Issue #49020: do not treat missing csn as fatal - 389-ds-base

389-ds-base

#49020 do not treat missing csn as fatal

Closed: wontfix 7 years ago Opened 7 years ago by lkrispen.

There have been many tickets and fixes about managing csn in a replication session and it is not yet fully settled.
There are situations where replication should backoff instead of going into fatal state.
A summary of the problem and status was discussed on a mailing list and is cited here:

In the last time I was haunted by the problem if an when we should pick an alternative start csn in a replication session if the calculated anchor csn cannot be found in the changelog.
This was investigated during the work on ticket #48766 (skipped-changes), the resulting failures in reliab15 and picked up again with the recent customer problems on 7.2 where a part of that fix was missing.
I was trying to analyze the scenarios which can arise and to be finally able to answer these two core questions:

1] If an anchor csn cannot be found should we choose an alternative starting csn (under which conditions) or should the repl session be aborted ?
2] if the answer to 1] is abort, should this be a fatal error or transient ?

I have been moving in circles, but hope to have a good understanding of the problem now and would really like to get this finally settled, so pleas read the follwing, even if it is a bit lengthy, and challenge my arguments.

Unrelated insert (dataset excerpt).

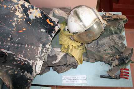 | Mũ, phao, manh, dù, quần áo của giặc lái Mỹ bị bị Tiểu đoàn tên lửa 72 bắn rơi ngày 27/12/1972 - Ảnh Minh Khang |

Lets start looking back at the state before the "skipped-changes":
- if an anchorcsn was not found, and the purgRUV in the changelog did not contain csns an alternative start csn was chosen
- the alternative was the minCSN of the supplierRUV
- after an online init, a start iteration record was written to the changelog, which corresponded to the minCSN in the ruv after init.

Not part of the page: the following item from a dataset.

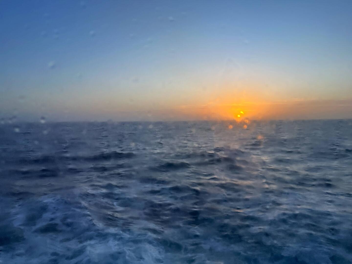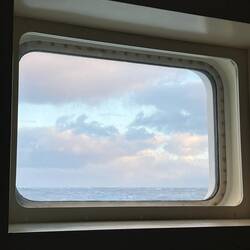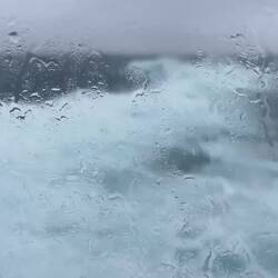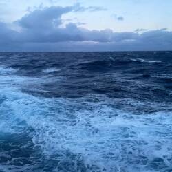 Jetzt auf dem offenen Meer spürt man es deutlich. Die Gischt spritzt an den Fenstern hoch. Wenn man im Bett liegt, ist das Schaukeln ganz gemütlich . Ansonsten gilt, immer eine Hand für das Schiff. Definitiv keine Kaffeefahrt mehr. Spucktütchen liegen bereit . Bleiben wir wohl seetauglich?

This worked, but when working on the "skipped-changes" problem I noticed that the selection of the alterantive csn could lead to a loss of many changes (I have a test case to demonstrate this - TEST #1)
So, under the assumption that we should find an anchor or break and that the existing mechanism to select an alternative was incorrect, this fallback was removed from the original fix patch48766-0

Unfortunately reliab15 failed with this patch, tracked in ticket #48954
A first analysis showed that the failure was after init, when an anchor csn was looked up for a replicaID which did not have a start-iteration record, and a first attempt to fix it was to log start-iteration records for all RIDs with csns contained in the ruv after init, patch48954-1
This did not completely solve the initial phase of reliab15 and we decided to go back to the method of selecting an alternative start csn, but chosing a better one, as close as possible to the missing csn: patch48954-2.

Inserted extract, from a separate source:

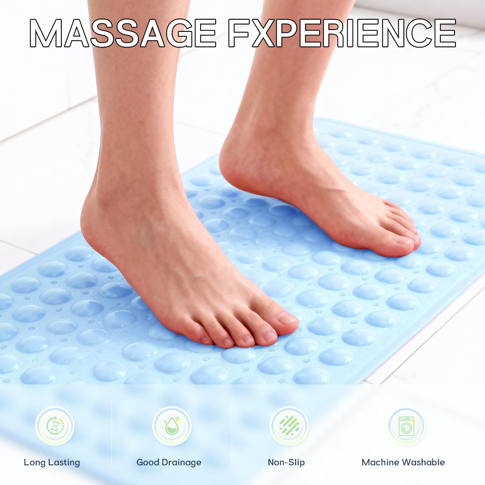 FUNCTIONAL BATHROOM MAT: Our versatile bath mat features a domed design resembling pebbles, offering a massage-like experience during shower time. The irregular texture on the surface enhances friction and prevents slipping. Additionally, with 128 small drain holes, water circulation is optimized and smoother drainage.

This resolved the reliab15 problem is the current state.

In between Thierry detected that this change also changed behaviour if a replica did accept updates to early after initialization #48976
And I found the testcase TEST#1, where with the old selection of the alternative many changes can be lost, but with the new method still one change is lost

So I looked again closer to the failures we had in reliab15 and noticed that one reason that patch48954-1 did not work was that in the process of initializations M!->M2->.. the ruv for most replicIDs only contained a purl, but no csn. This could be improved by fixing the tickets: #48995 and #48999
With a fix for these tickets the reliab15 scenario worked without the need of chosing an alternative anchor csn.

So I am back to the question what could be a valid scenario where an anchor csn cannot be found.

From the following it should not happen:
If the ruv used for total init does contain a csn for rid N, a start-iteration csn-N will be created for this csn-N, the server will only receive updates csn-X> csn-N, it will have all updates and if the consumer csn csn-C >= csn-N the anchor csn csn-C always should be found.
if the ruv used for total init does not contain a csn for rid N, this means the server has not seen any changes for this rid and ALL changes will be received via replication, so no csn for rid N should ever be missing.

But it does. A potential scenario is in TEST #2, and the creation of a keep alive entry is a special case for this scenario, where the ADD is internal, not external.
I have opened ticket #49000 for this.

I think with the fixes for #48995, #48999 and  #49000 we should be safe not to use  fallback for an alternative anchor csn.
If an anchor csn no longer can be found it is because it was purged, or the server was initialized with a RUV>than the missing CSN (test #1) , or it accepted an update before it was in sync after an init (ticket #48976).

But in these cases the error is not permanent, if the consumer is updated by another server the required anchorcsn can increase and be found in the changelog, so a missing anchor csn should in my opinion not switch to FATAL state but to BACKOFF.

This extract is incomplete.